Most of those Florida “seniors” have children and grandchildren.  And even if they don’t call or come to visit, it is no secret that they are struggling and that their struggles will become more difficult as the country runs larger and larger deficits to pay for what we like to call “entitlements.” And the Obama Florida ads capture perfectly the spirit of that euphemism. The people in the ad believe themselves entitled. To a continuation of “Medicare as we know it.”

But how many seniors are comfortable with the notion that their entitlement rests on the crippling indebtedness of their children and grandchildren? The idea might pass muster at headquarters of the AARP and in the high ranks of the Obama campaign. But among real people, with real children and grandchildren? 

How many of them really believe that the only alternatives are what we have now and having to choose between eating and going to the doctor?  They are “seniors,” for God’s sake, which means they have lived long enough to know something about reality. They aren’t likely to fall for “hope and change” and they shouldn’t be scared to death when some vote-starved politician tells them that the choice is between his “plan” and a cold, pauper’s grave.

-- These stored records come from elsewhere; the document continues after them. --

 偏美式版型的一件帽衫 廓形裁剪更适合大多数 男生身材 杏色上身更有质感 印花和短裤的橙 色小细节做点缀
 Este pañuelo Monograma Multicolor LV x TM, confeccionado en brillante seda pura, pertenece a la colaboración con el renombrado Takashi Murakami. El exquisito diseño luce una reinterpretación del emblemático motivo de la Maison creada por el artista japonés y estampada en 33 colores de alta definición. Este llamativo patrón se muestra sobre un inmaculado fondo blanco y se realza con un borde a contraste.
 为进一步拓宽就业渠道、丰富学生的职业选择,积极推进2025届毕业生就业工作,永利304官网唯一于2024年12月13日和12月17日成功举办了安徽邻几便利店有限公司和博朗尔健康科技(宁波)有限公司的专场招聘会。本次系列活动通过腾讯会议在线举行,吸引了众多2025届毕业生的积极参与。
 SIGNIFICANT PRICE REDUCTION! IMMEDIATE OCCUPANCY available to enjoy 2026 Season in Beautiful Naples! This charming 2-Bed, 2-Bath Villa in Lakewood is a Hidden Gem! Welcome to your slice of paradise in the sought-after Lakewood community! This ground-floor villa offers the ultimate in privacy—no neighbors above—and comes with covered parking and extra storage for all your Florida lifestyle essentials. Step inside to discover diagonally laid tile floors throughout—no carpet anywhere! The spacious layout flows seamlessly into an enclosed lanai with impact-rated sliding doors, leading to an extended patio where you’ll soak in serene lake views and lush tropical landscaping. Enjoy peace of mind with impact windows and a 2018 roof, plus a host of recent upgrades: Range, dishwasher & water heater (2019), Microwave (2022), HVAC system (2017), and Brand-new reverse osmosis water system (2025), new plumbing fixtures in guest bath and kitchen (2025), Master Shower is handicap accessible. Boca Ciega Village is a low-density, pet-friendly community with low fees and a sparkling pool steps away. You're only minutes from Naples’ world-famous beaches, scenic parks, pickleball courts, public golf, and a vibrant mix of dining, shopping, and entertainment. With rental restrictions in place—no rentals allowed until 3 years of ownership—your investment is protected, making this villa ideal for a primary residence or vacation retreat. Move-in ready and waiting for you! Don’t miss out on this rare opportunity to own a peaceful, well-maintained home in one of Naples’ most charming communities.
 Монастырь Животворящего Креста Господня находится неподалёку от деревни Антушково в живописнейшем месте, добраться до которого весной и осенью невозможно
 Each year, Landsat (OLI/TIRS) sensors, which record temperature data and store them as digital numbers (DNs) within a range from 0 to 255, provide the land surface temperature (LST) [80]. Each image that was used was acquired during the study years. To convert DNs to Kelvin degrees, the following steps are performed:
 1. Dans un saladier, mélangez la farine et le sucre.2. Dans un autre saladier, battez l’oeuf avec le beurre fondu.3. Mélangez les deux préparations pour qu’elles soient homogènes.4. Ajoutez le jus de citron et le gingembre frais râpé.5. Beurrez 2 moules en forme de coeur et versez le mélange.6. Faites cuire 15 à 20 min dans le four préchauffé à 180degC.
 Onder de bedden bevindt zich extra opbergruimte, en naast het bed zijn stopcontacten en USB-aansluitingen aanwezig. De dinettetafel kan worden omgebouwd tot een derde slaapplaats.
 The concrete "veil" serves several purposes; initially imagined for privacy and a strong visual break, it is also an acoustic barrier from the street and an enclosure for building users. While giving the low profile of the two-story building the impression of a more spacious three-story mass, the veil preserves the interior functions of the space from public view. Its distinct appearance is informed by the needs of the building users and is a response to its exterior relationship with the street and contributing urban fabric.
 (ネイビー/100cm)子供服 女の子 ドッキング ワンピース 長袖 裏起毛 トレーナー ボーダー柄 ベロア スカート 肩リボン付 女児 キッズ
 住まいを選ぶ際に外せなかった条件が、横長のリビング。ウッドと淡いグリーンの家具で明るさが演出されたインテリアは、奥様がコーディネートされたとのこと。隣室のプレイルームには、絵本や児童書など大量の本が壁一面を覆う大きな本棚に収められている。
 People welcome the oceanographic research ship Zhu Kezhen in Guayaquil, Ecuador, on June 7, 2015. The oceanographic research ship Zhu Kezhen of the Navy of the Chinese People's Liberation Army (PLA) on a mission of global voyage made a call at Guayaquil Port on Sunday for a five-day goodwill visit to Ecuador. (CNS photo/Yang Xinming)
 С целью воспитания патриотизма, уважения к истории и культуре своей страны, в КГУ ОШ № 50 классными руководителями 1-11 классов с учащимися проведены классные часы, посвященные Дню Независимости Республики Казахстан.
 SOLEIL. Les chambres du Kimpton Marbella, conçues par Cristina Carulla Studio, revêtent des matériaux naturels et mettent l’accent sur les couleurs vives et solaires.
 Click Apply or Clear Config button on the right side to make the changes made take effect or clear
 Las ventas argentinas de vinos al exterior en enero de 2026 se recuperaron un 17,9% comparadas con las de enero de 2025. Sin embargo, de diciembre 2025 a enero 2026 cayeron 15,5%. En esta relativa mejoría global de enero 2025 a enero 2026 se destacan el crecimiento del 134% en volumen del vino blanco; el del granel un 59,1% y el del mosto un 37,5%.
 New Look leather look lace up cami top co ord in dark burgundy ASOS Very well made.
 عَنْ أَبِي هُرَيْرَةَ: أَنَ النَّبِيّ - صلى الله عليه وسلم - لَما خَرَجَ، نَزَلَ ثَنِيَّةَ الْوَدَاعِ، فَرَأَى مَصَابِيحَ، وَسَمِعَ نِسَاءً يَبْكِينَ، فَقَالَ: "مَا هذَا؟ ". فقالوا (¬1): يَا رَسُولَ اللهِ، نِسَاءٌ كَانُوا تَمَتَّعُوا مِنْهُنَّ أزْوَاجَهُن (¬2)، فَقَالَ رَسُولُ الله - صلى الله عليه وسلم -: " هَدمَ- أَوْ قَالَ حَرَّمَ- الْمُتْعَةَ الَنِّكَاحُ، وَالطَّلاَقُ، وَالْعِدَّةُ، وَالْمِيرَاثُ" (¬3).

Anyone old enough to be a “senior” is old enough to know that you cannot have everything and there are real-life consequences to behaving as though you can. And is old enough, possibly, to remember that when Medicare was launched, the tab was $3 billion. A congressional committee estimated that by 1990, that number would be $12 billion. The estimate was off by $95 billion.

That is “Medicare as we know it.” One suspects that there are a lot of “seniors” in Florida who aren’t entirely oblivious to the fact that Medicare, itself, will end “Medicare as we know it,” and that before it does, it will put a heavy burden on the people they brought up and love. 

And, being “seniors,” they don’t scare all that easy and are willing to sit still for some grown-up talk about what is to be done.